The naive approach has few issues:
- There are chances of losing precision in the numerator and the denominator
- Losing precision may cause the computed cosine similarity > 1.0

Thus PyTorch uses the following way:

$$
\frac{A\cdot B}{\|A\|\|B\|}=\frac{A}{\|A\|}\cdot\frac{B}{\|B\|}
$$


```python
res = torch.mm(A / A.norm(dim=1), B.T / B.norm(dim=1))
print(res.item())
```

### 3.3 PyTorch Function Call

In practice, the most convinient way is directly use *cosine_similarity()* in torch.nn.functional:


```python
import torch.nn.functional as F

F.cosine_similarity(A, B).item()
```

## 4. Inner Product/Dot Product

Coordinate definition:
$$A\cdot B = \sum_{i=1}^{i=n}A_i B_i$$

Geometric definition:
$$A\cdot B = \|A\|\|B\|\cos(\theta)$$


```python
dot_prod = A @ B.T
dot_prod.item()
```

### Relationship with Cosine similarity

For computing the distance/similarity between two vectors, dot product and Cos similarity are closely related. Cos similarity only cares about the angle difference (because it is normalized by the product of two vectors' magnitude), while dot product takes both magnitude and angle into consideration. So the two metrics are preferred in different use cases.

The BGE series models already normalized the output embedding vector to have the magnitude of 1. Thus using dot product and cos similarity will have the same result.


```python
from FlagEmbedding import FlagModel

model = FlagModel('BAAI/bge-large-en-v1.5',
                  query_instruction_for_retrieval="Represent this sentence for searching relevant passages:",
                  use_fp16=True)
```


```python
sentence = "I am very interested in natural language processing"
embedding = torch.tensor(model.encode(sentence))
torch.norm(embedding).item()
```

## 5. Examples

Now we've learned the mechanism of different types of similarity. Let's look at a real example.


```python
sentence_1 = "I will watch a show tonight"
sentence_2 = "I will show you my watch tonight"
sentence_3 = "I'm going to enjoy a performance this evening"
```

It's clear to us that in sentence 1, 'watch' is a verb and 'show' is a noun. 

But in sentence 2, 'show' is a verb and 'watch' is a noun, which leads to different meaning of the two sentences.

While sentence 3 has very similar meaning to sentence 1.

Now let's see how does different similarity metrics tell us the relationship of the sentences.


```python
print(jaccard_similarity(sentence_1, sentence_2))
print(jaccard_similarity(sentence_1, sentence_3))
```

The results show that sentence 1 and 2 (0.625) are way more similar than sentence 1 and 3 (0.077), which indicate the opposite conclusion compare to what we have made.

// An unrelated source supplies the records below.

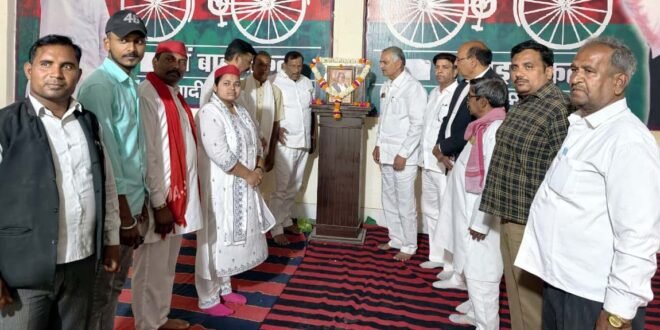 – पूर्व राज्यसभा सांसद के चित्र पर पुष्प अर्पित करते सपाई।
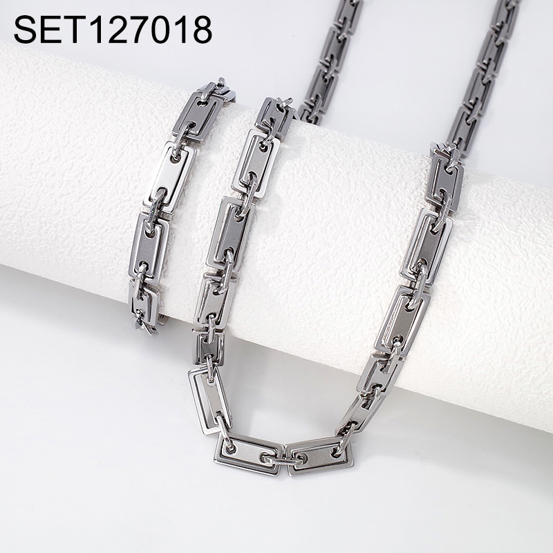 Home > Level B Stainless Steel New Trendy Man Jewelry Steel color Chain SET
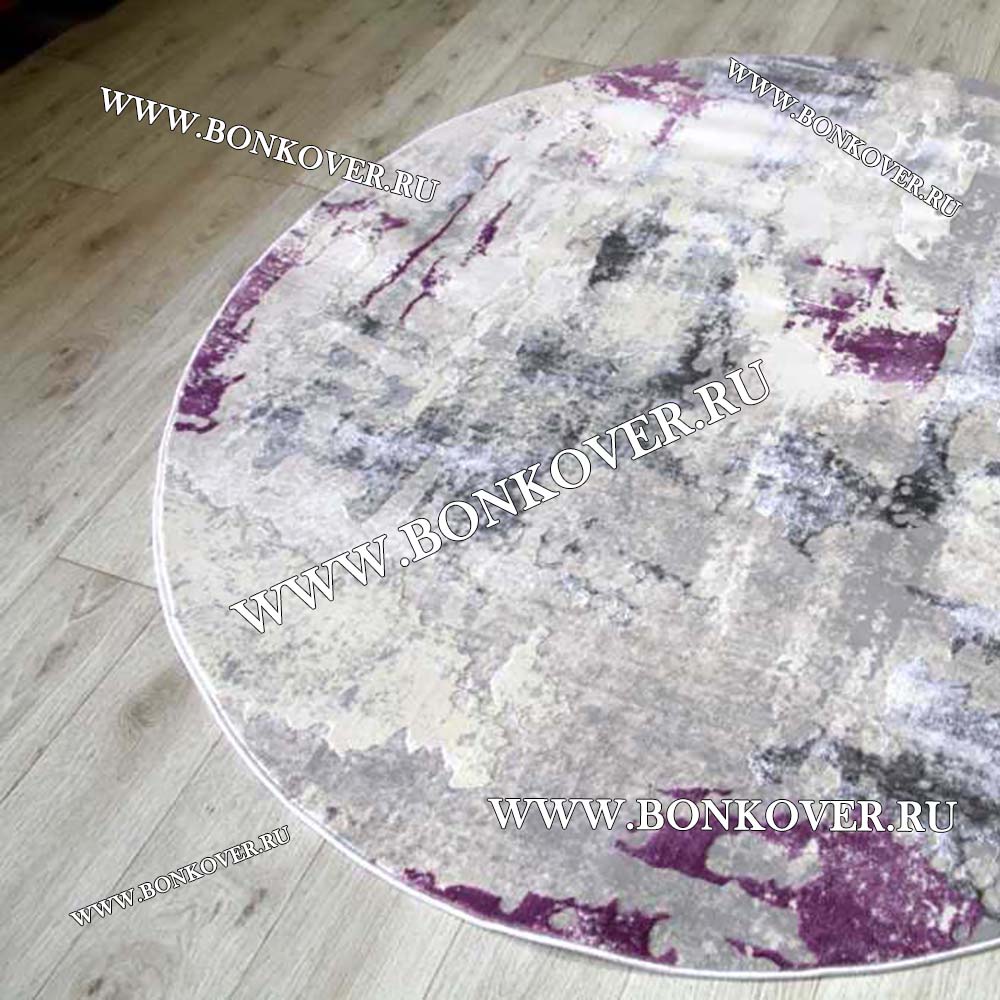 Изящный Ковер Турция Современный Дизайн 06 Серый с Сиреневым Круг наполняет интерьер вашего дома теплом и уютом, гармонично сочетает в себе изящество и стиль. Он изготовлен из современных материалов, прочный и долговечный.
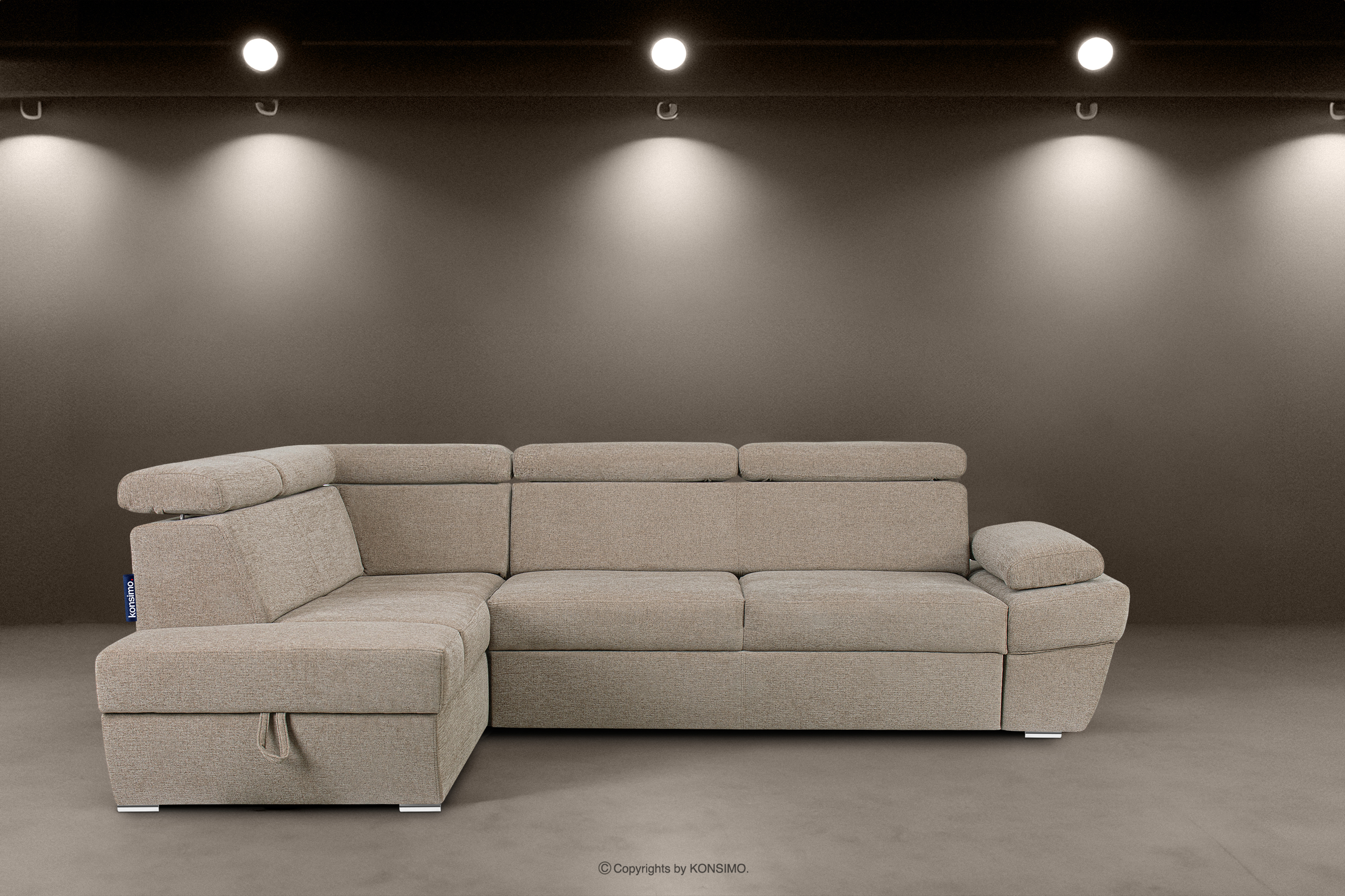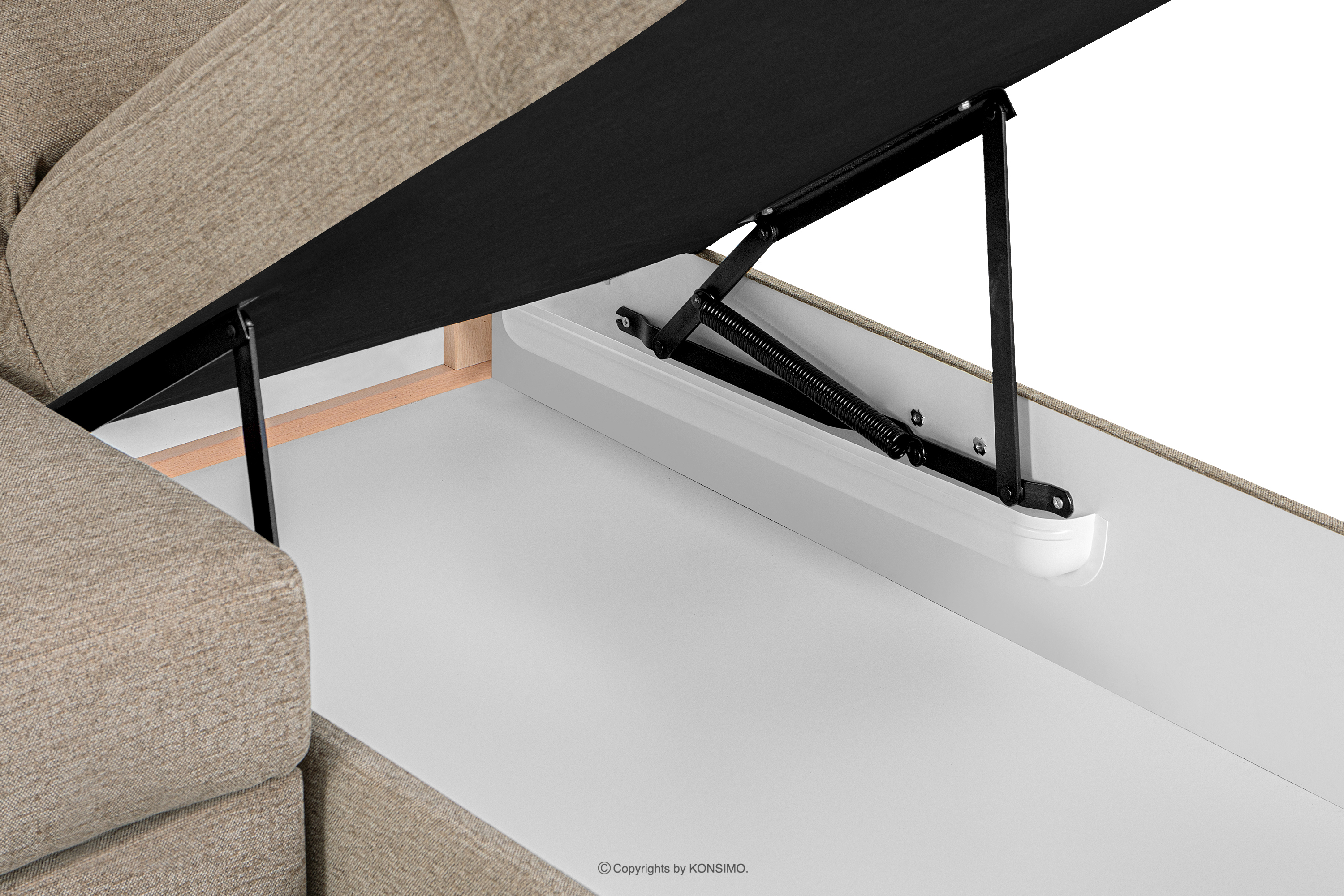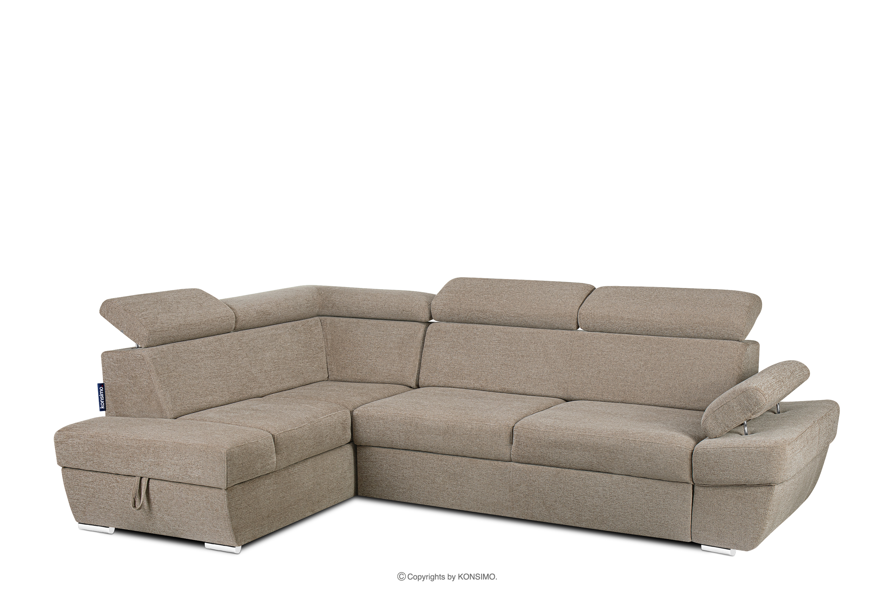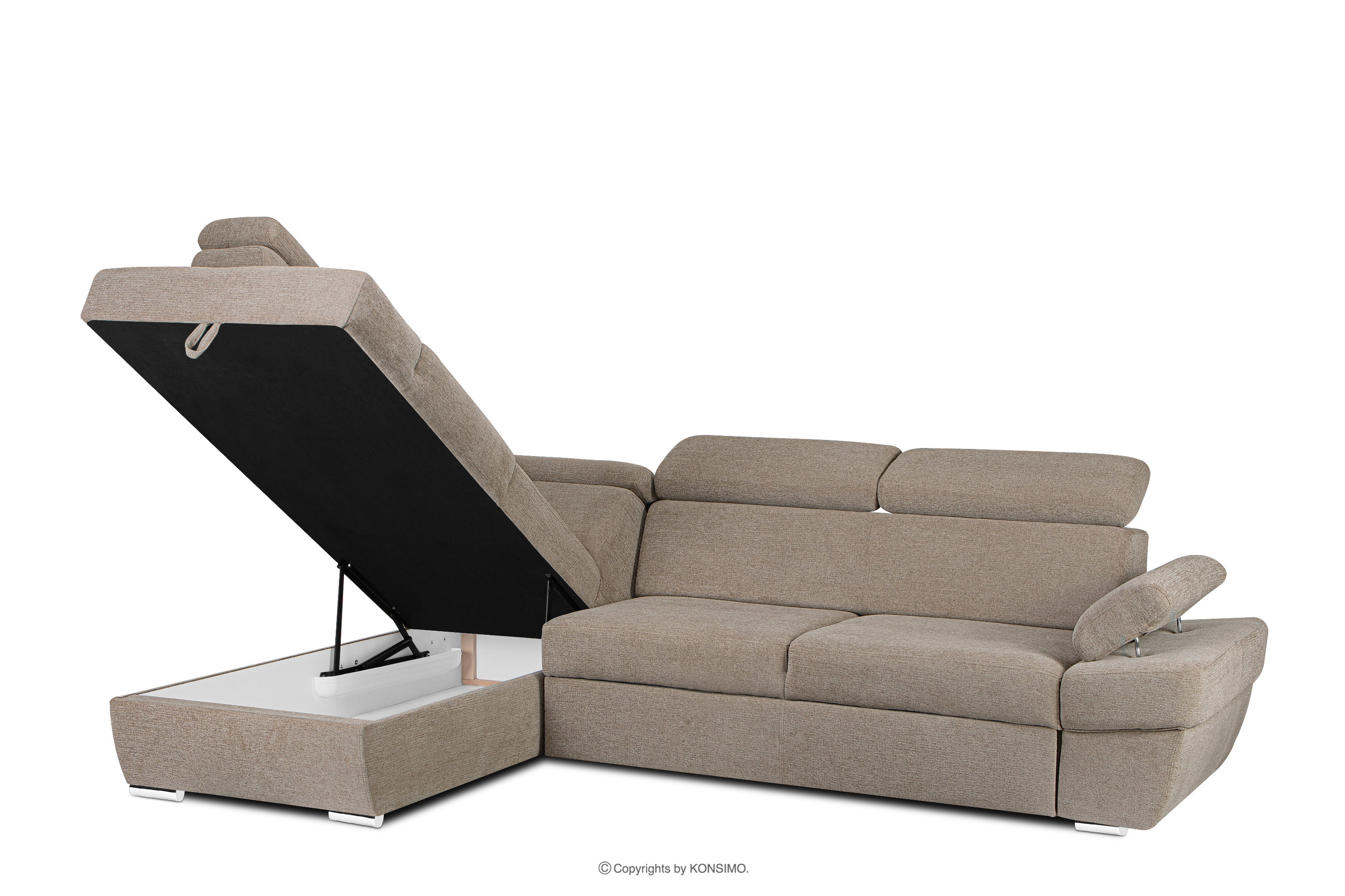 RATLO Rohová pohovka s funkciou spania a kontajnerom na posteľnú bielizeň tmavobéžová vľavo

Now let's first get the embeddings of these sentences.


```python
embeddings = torch.from_numpy(model.encode([sentence_1, sentence_2, sentence_3]))
embedding_1 = embeddings[0].view(1, -1)
embedding_2 = embeddings[1].view(1, -1)
embedding_3 = embeddings[2].view(1, -1)

print(embedding_1.shape)
```

Then let's compute the Euclidean distance:


```python
euc_dist1_2 = torch.cdist(embedding_1, embedding_2, p=2).item()
euc_dist1_3 = torch.cdist(embedding_1, embedding_3, p=2).item()
print(euc_dist1_2)
print(euc_dist1_3)
```

Then, let's see the cosine similarity:


```python
cos_dist1_2 = F.cosine_similarity(embedding_1, embedding_2).item()
cos_dist1_3 = F.cosine_similarity(embedding_1, embedding_3).item()
print(cos_dist1_2)
print(cos_dist1_3)
```

Using embedding, we can get the correct result different from Jaccard similarity that sentence 1 and 2 should be more similar than sentence 1 and 3 using either Euclidean distance or cos similarity as the metric.